Value-Based Care in Cardiometabolic Health May 2012, Vol 1, No 1

Chicago, IL—Patients with uncontrolled hypertension who reported blood pressure (BP) readings to their physicians through a web-based portal received more frequent medication adjustments and more timely treatment decisions compared with a group of patients with hypertension who had only conventional routine office visits, according to a study presented at the 2012 American College of Cardiology meeting.

According to the researchers, “Blood pressure control plays an integral role in the prevention of cardiovascular disease. Aside from lifestyle changes, pharmacotherapy is the physician’s most effective method of lowering blood pressure.”

According to the Centers for Disease Control and Prevention, as many as 65 million American adults have elevated BP, and roughly 74% take medication for it.

In a secondary analysis of this study, patients (average age, 59 ± 13 years) with uncontrolled hypertension (≥150/90 mm Hg) from 2 large medical centers were randomized to usual care (N = 121) or telemedicine with usual care (N = 120). More than half of the patients (56.8%) were taking 1 or 2 BP-lowering medications at the start of the study. Most patients were women; 80% of participants were black.

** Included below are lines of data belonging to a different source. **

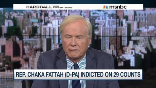 MSNBC host and native Philadelphian Chris Matthews devoted less than a minute tonight to news of numerous federal indictments handed down today against Rep. Chaka Fattah (D-Pa.). The Hardball host prefaced the story by editorially commenting, "This is sad news."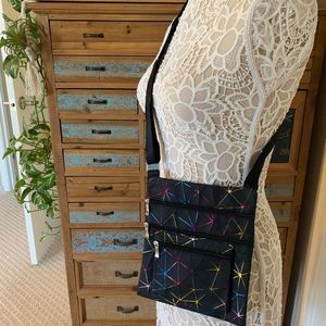 Geometric Four Pocket Crossbody Handbag – Black/multi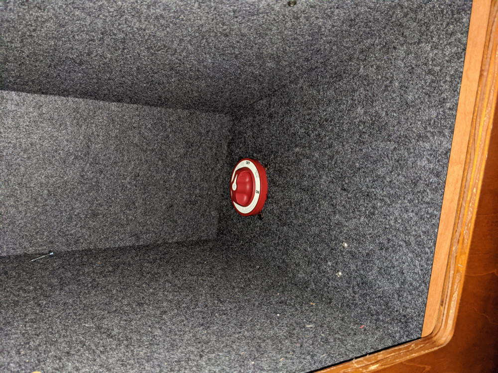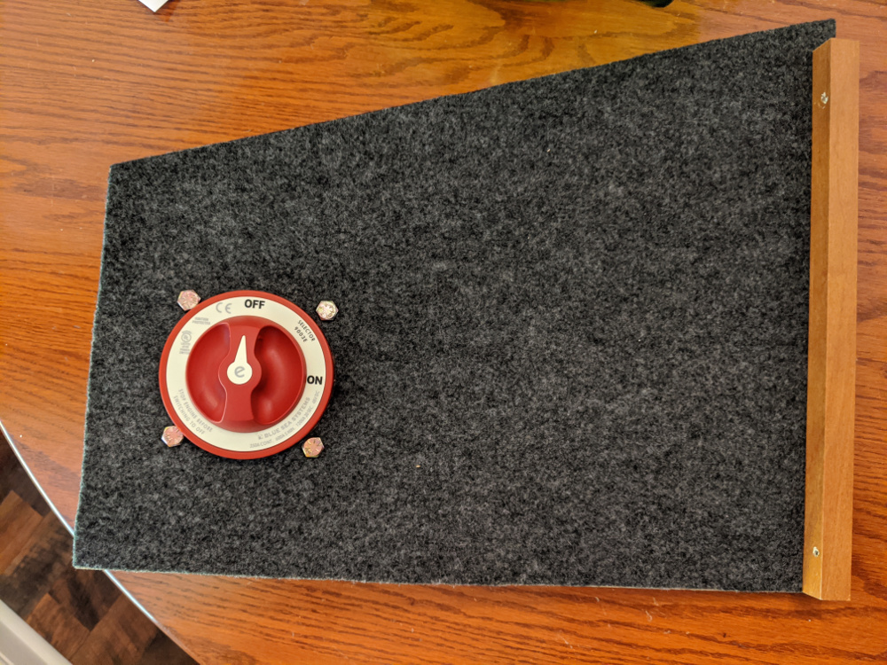 So I removed the side panel of that cabinet and mounted the marine battery switch, which came out like this:

Patients in the telemedicine group were provided digital sphygmomanometers and were trained on how to use them. They were instructed to report their BP, heart rate, weight, daily steps, and tobacco use twice weekly for 6 months.

All patients had baseline and 6- month follow-up visits. Monthly reports on BP and treatment guidelines were provided to both the patient and the physician in the telemedicine group. At the end of the study, the patients’ antihypertensive medications were compared with their baseline therapy.

At 6 months, the medications prescribed to those in the usual-care group were virtually unchanged, but there was a small increase in the number of medications ordered for patients in the telemedicine group. There were no differences in results with respect to age, ethnicity, education, or income.

Val Rakita, MD, Internal Medicine Resident at Temple University Hospital, Philadelphia, PA, and the study’s coinvestigator, said that prescribing more medication in the telemedicine group did not signify overtreatment but was a reflection of more timely decisions to increase and/or adjust medications.

There was no significant difference in the decrease in BP between the groups overall, but the group of nondiabetic patients using telemedicine was found to have lower BP compared with all of the other groups.

According to Dr Rakita, the findings suggest that an Internet-based intervention results in more appropriate and effective drug therapy for patients with uncontrolled hyper tension, as well as better BP control and an overall reduction in cardiovascular risk.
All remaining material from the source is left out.